_EXERCISE BRIEF_
Please reproduce the data exactly, excluding any pictures it contains.

# # #

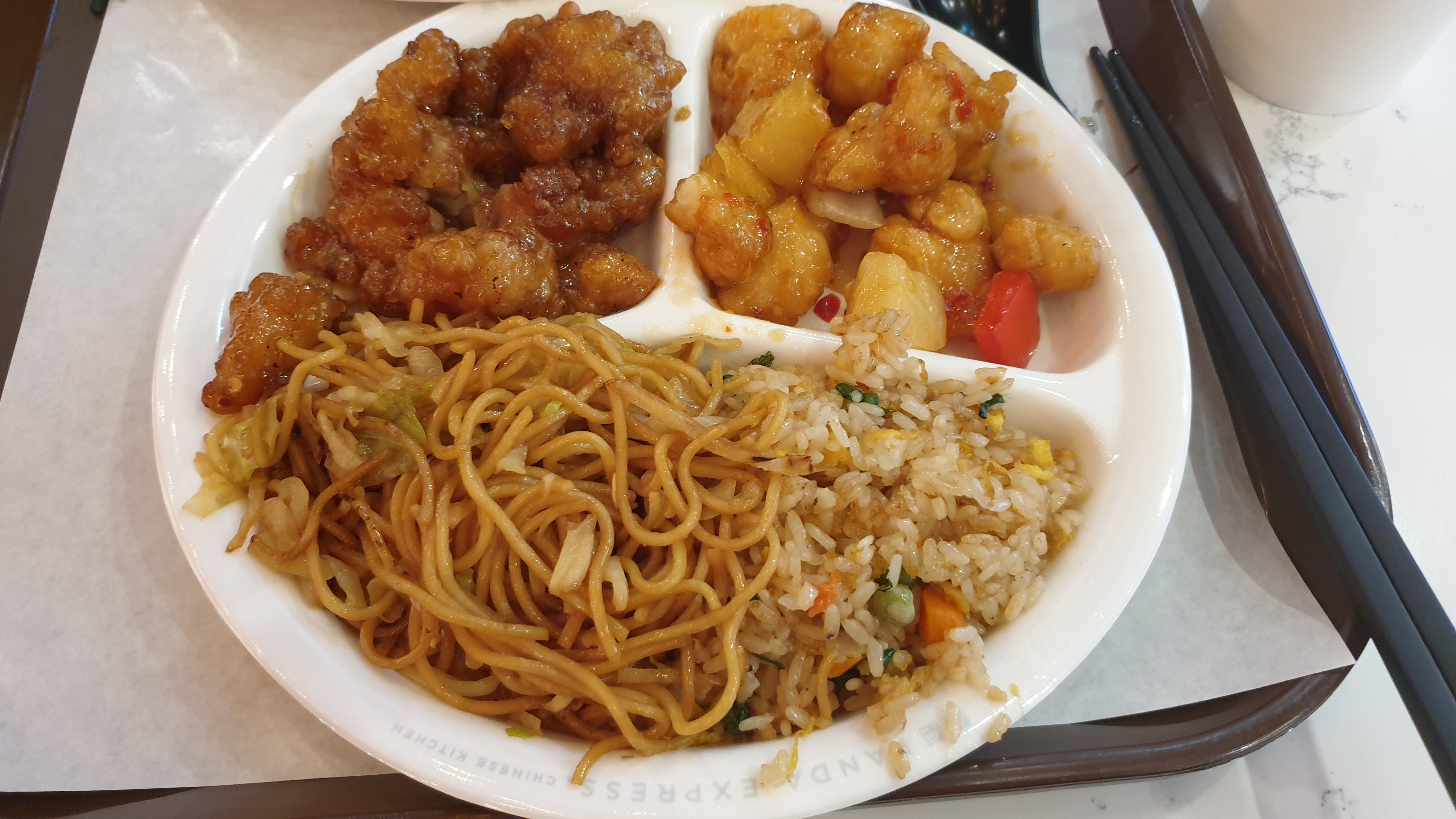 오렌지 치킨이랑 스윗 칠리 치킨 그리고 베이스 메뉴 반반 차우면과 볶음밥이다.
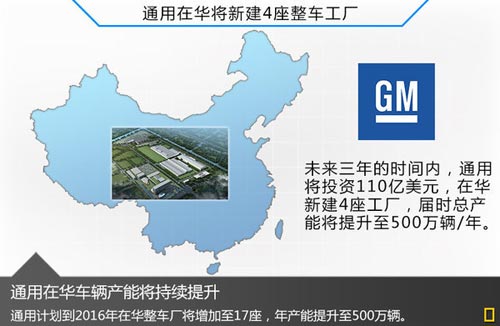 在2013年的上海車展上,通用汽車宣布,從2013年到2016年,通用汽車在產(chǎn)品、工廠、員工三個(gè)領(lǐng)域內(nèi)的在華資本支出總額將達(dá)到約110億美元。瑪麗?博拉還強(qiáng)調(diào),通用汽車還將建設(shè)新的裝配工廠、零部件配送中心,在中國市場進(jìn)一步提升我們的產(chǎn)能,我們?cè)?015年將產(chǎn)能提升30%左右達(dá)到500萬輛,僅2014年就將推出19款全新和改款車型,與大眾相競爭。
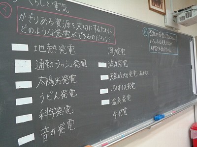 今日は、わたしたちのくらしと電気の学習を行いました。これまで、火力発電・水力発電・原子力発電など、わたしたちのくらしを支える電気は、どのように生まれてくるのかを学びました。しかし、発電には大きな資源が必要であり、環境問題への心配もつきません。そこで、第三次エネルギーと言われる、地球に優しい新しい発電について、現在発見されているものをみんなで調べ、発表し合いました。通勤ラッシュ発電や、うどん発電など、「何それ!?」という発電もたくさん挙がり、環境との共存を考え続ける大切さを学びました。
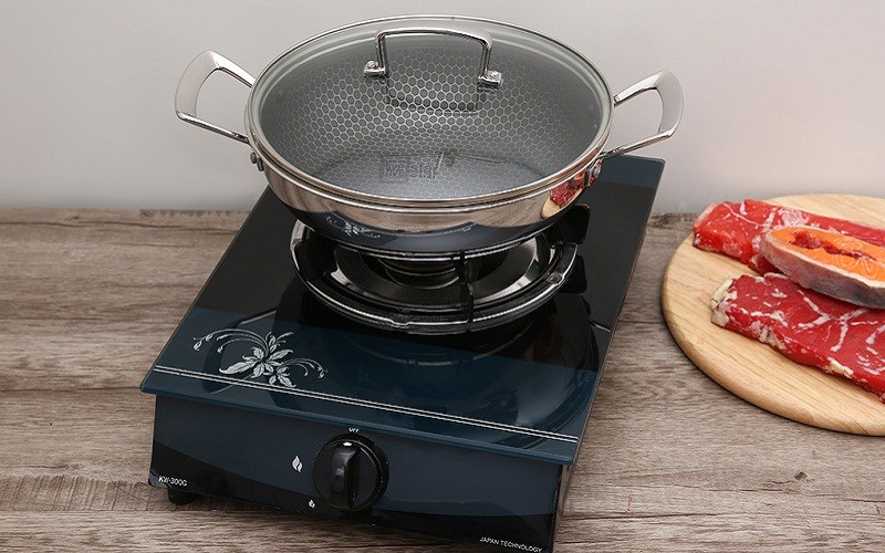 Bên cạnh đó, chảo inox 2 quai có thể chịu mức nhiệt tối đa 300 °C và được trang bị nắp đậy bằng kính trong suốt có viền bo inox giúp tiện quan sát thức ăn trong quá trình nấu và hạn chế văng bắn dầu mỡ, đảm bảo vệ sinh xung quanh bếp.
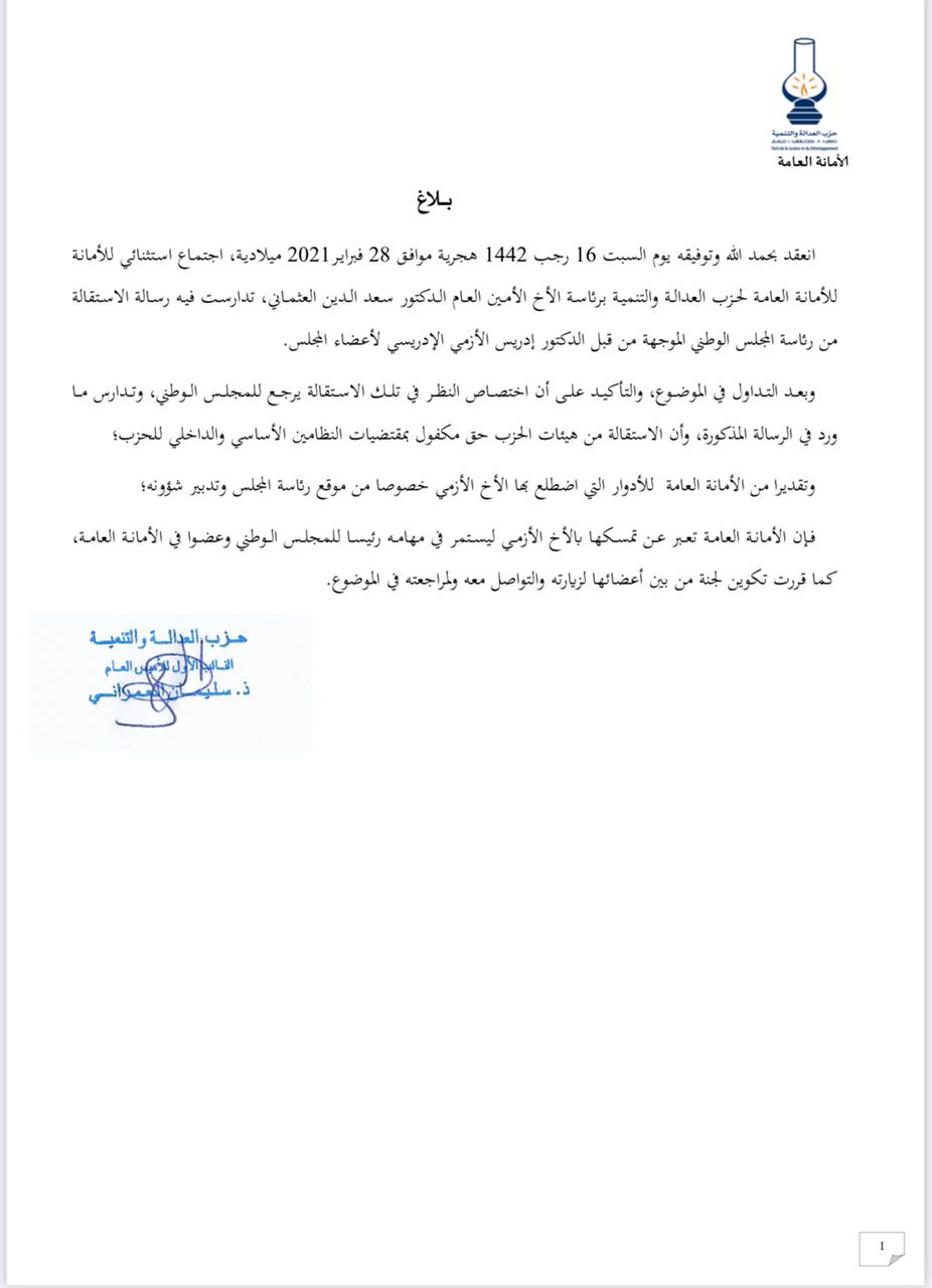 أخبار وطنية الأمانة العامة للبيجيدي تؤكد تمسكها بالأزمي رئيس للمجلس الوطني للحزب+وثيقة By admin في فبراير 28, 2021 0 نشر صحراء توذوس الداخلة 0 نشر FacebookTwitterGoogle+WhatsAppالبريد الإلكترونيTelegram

# # #

_TASK ANSWER_
 오렌지 치킨이랑 스윗 칠리 치킨 그리고 베이스 메뉴 반반 차우면과 볶음밥이다.
 在2013年的上海車展上,通用汽車宣布,從2013年到2016年,通用汽車在產(chǎn)品、工廠、員工三個(gè)領(lǐng)域內(nèi)的在華資本支出總額將達(dá)到約110億美元。瑪麗?博拉還強(qiáng)調(diào),通用汽車還將建設(shè)新的裝配工廠、零部件配送中心,在中國市場進(jìn)一步提升我們的產(chǎn)能,我們?cè)?015年將產(chǎn)能提升30%左右達(dá)到500萬輛,僅2014年就將推出19款全新和改款車型,與大眾相競爭。
 今日は、わたしたちのくらしと電気の学習を行いました。これまで、火力発電・水力発電・原子力発電など、わたしたちのくらしを支える電気は、どのように生まれてくるのかを学びました。しかし、発電には大きな資源が必要であり、環境問題への心配もつきません。そこで、第三次エネルギーと言われる、地球に優しい新しい発電について、現在発見されているものをみんなで調べ、発表し合いました。通勤ラッシュ発電や、うどん発電など、「何それ!?」という発電もたくさん挙がり、環境との共存を考え続ける大切さを学びました。
 Bên cạnh đó, chảo inox 2 quai có thể chịu mức nhiệt tối đa 300 °C và được trang bị nắp đậy bằng kính trong suốt có viền bo inox giúp tiện quan sát thức ăn trong quá trình nấu và hạn chế văng bắn dầu mỡ, đảm bảo vệ sinh xung quanh bếp.
 أخبار وطنية الأمانة العامة للبيجيدي تؤكد تمسكها بالأزمي رئيس للمجلس الوطني للحزب+وثيقة By admin في فبراير 28, 2021 0 نشر صحراء توذوس الداخلة 0 نشر FacebookTwitterGoogle+WhatsAppالبريد الإلكترونيTelegram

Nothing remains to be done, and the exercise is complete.